(Dataset entries)

....

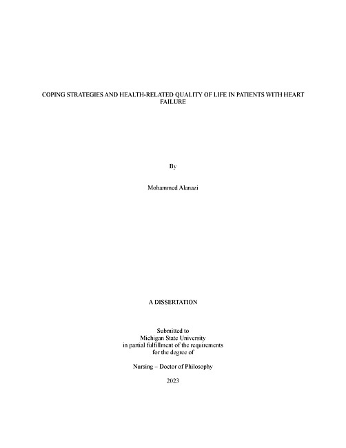 Heart failure (HF) contributes to poor physical and emotional health-related Quality of Life (HRQoL) and poor health outcomes. Coping strategies have been identified as essential in enhancing HRQoL. This 3-manuscript dissertation focuses on the stressor of heart failure (HF) associated severity and its relationship with coping and health-related quality of life (HRQoL). This dissertation is comprised of 3 manuscripts (a) a scoping review of literature on coping strategies and HRQoL; (b) a quantitative study of the associations between the stressor (HF severity), influencing factors (demographics [age, sex, education, and income] and HF duration), coping strategies (problem-focused, active emotion-focused, and avoidant emotion-focused), and physical and emotional HRQoL outcomes; and (c) a multiple mediation study that examines the mediating role of coping strategies between the stressor of HF severity and physical and emotional HRQoL.In chapter 2, a literature review was conducted following the Arksey and O’Malley template. This scoping review was guided by the TSCM. Eligibility criteria involved patients with HF, reported on coping strategies and HRQoL, and published in English. In chapters 3 and 4, a cross-sectional survey design was used. A convenience sample of individuals with HF were recruited online using Researchmatch.org. Using PROCESS macro for SPSS, a multiple mediation model was applied to evaluate if one or more coping strategy types served as a mediator between HF severity and emotional and/or physical HRQoL. In chapter 2, thirty-five studies were included (4 RCTs, 27 cross-sectional, and 4 qualitative/mixed methods). Active emotional coping (e.g., acceptance) and problem-focused (e.g., seeking social support) coping strategies were linked with better HRQoL, while avoidant emotional coping (e.g., denial) was linked to worse HRQoL. In the presence of the stressor of HF severity, key factors that influenced the types of coping strategy included sex, age, social support, income, education, spiritual beliefs, and illness duration. However, the evidence on the effectiveness of the type of coping on HRQoL remains inadequate due to the majority of studies being cross-sectional. The results of chapter 3 showed that 108 participants completed the study with an age range of 20-81 years (37.03±11.77 years). Most participants were male (57.4%, n=62) and self-identified as Black or African American (60.2%, n=65). The mediation analysis results showed that active emotion-focused coping mediated the relationship between all three NYHA classifications (II, III, and IV) and emotional, but not physical HRQoL. Finally, chapter 4 showed a statistically significant indirect effect on the emotional HRQoL through only active emotion-focused coping (X1=0.74 [95% CI: 0.01 to 1.97]; X2=0.73 [95% CI: 0.01 to 1.91]), which suggests that active emotion-focused coping served as a mediator between HF severity (all three NYHA classifications) and emotional HRQoL. This dissertation contributes to the science by recommending a consistent definition of the three types of coping and a better understanding of the influence of age, sex, education, income, and HF duration on coping strategies. This dissertation found that problem-focused and active emotion-focused coping were linked with improved physical and emotional HRQoL. Factors such as older age, male, and having a low level of education and lower level of income were showed as significantly associated with using more avoidant emotion-focused coping strategies, which can direct interventional work. Finally, this dissertation advances science by demonstrating that active emotion-focused coping serves as a mediator, playing an important role in mediating the effects between HF severity and emotional HRQoL. This will help initiating new intervention directions for nursing research, broadening the scope of education to enhance symptom management and QoL through nursing programs, and providing empirical evidence for clinicians to smoothly integrate into their practice. These contributions are expected to advance the field of HF science and care.
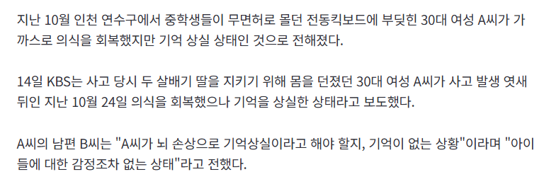 중학생킥보드 딸에게 돌진하자 몸 던진 엄마..."기억상실"
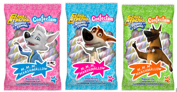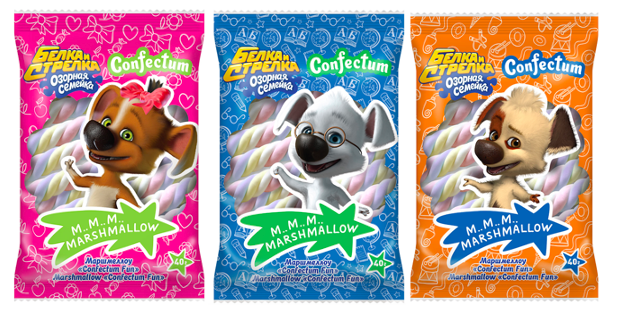 В начале февраля в продажу поступит маршмеллоу «Confectum Fun», на упаковках которого изображены герои анимационного сериала «Белка и Стрелка. Озорная семейка» студии КиноАтис, выпускающей эти товары для детей совместно с компанией Конфектум — самым известным производителем маршмеллоу в России и странах СНГ.
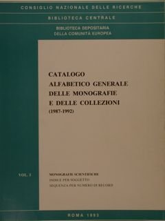 Consiglio Nazionale delle Ricerche, Biblioteca Centrale, Biblioteca depositaria della Comunità Europea. CATALOGO ALFABETICO GENERALE DELLE MONOGRAFIE E DELLE COLLEZIONI (1987-1992).
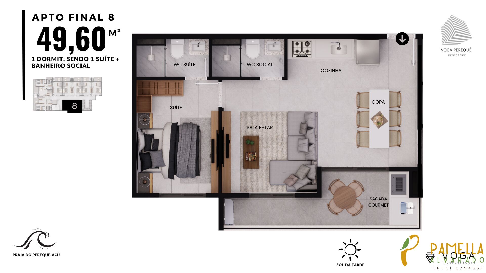 - Apartamento de 49m² – 1 suíte + lavabo, ideal para quem deseja mais espaço.
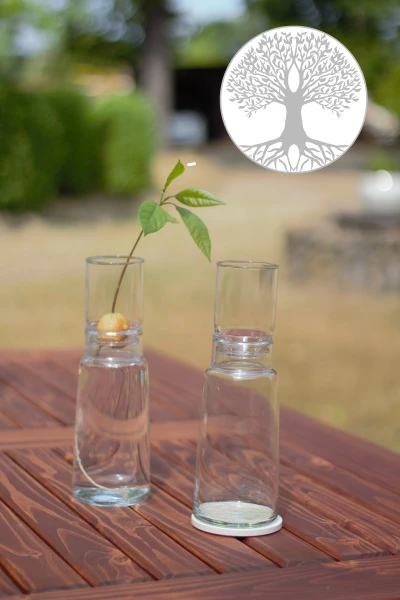 Anzuchtglas mit dem Motiv "Lebensbaum" im Boden.

....

-- Task --
Each record must be repeated exactly, and no picture may be carried over.

-- Task solution --
 Heart failure (HF) contributes to poor physical and emotional health-related Quality of Life (HRQoL) and poor health outcomes. Coping strategies have been identified as essential in enhancing HRQoL. This 3-manuscript dissertation focuses on the stressor of heart failure (HF) associated severity and its relationship with coping and health-related quality of life (HRQoL). This dissertation is comprised of 3 manuscripts (a) a scoping review of literature on coping strategies and HRQoL; (b) a quantitative study of the associations between the stressor (HF severity), influencing factors (demographics [age, sex, education, and income] and HF duration), coping strategies (problem-focused, active emotion-focused, and avoidant emotion-focused), and physical and emotional HRQoL outcomes; and (c) a multiple mediation study that examines the mediating role of coping strategies between the stressor of HF severity and physical and emotional HRQoL.In chapter 2, a literature review was conducted following the Arksey and O’Malley template. This scoping review was guided by the TSCM. Eligibility criteria involved patients with HF, reported on coping strategies and HRQoL, and published in English. In chapters 3 and 4, a cross-sectional survey design was used. A convenience sample of individuals with HF were recruited online using Researchmatch.org. Using PROCESS macro for SPSS, a multiple mediation model was applied to evaluate if one or more coping strategy types served as a mediator between HF severity and emotional and/or physical HRQoL. In chapter 2, thirty-five studies were included (4 RCTs, 27 cross-sectional, and 4 qualitative/mixed methods). Active emotional coping (e.g., acceptance) and problem-focused (e.g., seeking social support) coping strategies were linked with better HRQoL, while avoidant emotional coping (e.g., denial) was linked to worse HRQoL. In the presence of the stressor of HF severity, key factors that influenced the types of coping strategy included sex, age, social support, income, education, spiritual beliefs, and illness duration. However, the evidence on the effectiveness of the type of coping on HRQoL remains inadequate due to the majority of studies being cross-sectional. The results of chapter 3 showed that 108 participants completed the study with an age range of 20-81 years (37.03±11.77 years). Most participants were male (57.4%, n=62) and self-identified as Black or African American (60.2%, n=65). The mediation analysis results showed that active emotion-focused coping mediated the relationship between all three NYHA classifications (II, III, and IV) and emotional, but not physical HRQoL. Finally, chapter 4 showed a statistically significant indirect effect on the emotional HRQoL through only active emotion-focused coping (X1=0.74 [95% CI: 0.01 to 1.97]; X2=0.73 [95% CI: 0.01 to 1.91]), which suggests that active emotion-focused coping served as a mediator between HF severity (all three NYHA classifications) and emotional HRQoL. This dissertation contributes to the science by recommending a consistent definition of the three types of coping and a better understanding of the influence of age, sex, education, income, and HF duration on coping strategies. This dissertation found that problem-focused and active emotion-focused coping were linked with improved physical and emotional HRQoL. Factors such as older age, male, and having a low level of education and lower level of income were showed as significantly associated with using more avoidant emotion-focused coping strategies, which can direct interventional work. Finally, this dissertation advances science by demonstrating that active emotion-focused coping serves as a mediator, playing an important role in mediating the effects between HF severity and emotional HRQoL. This will help initiating new intervention directions for nursing research, broadening the scope of education to enhance symptom management and QoL through nursing programs, and providing empirical evidence for clinicians to smoothly integrate into their practice. These contributions are expected to advance the field of HF science and care.
 중학생킥보드 딸에게 돌진하자 몸 던진 엄마..."기억상실"
 В начале февраля в продажу поступит маршмеллоу «Confectum Fun», на упаковках которого изображены герои анимационного сериала «Белка и Стрелка. Озорная семейка» студии КиноАтис, выпускающей эти товары для детей совместно с компанией Конфектум — самым известным производителем маршмеллоу в России и странах СНГ.
 Consiglio Nazionale delle Ricerche, Biblioteca Centrale, Biblioteca depositaria della Comunità Europea. CATALOGO ALFABETICO GENERALE DELLE MONOGRAFIE E DELLE COLLEZIONI (1987-1992).
 - Apartamento de 49m² – 1 suíte + lavabo, ideal para quem deseja mais espaço.
 Anzuchtglas mit dem Motiv "Lebensbaum" im Boden.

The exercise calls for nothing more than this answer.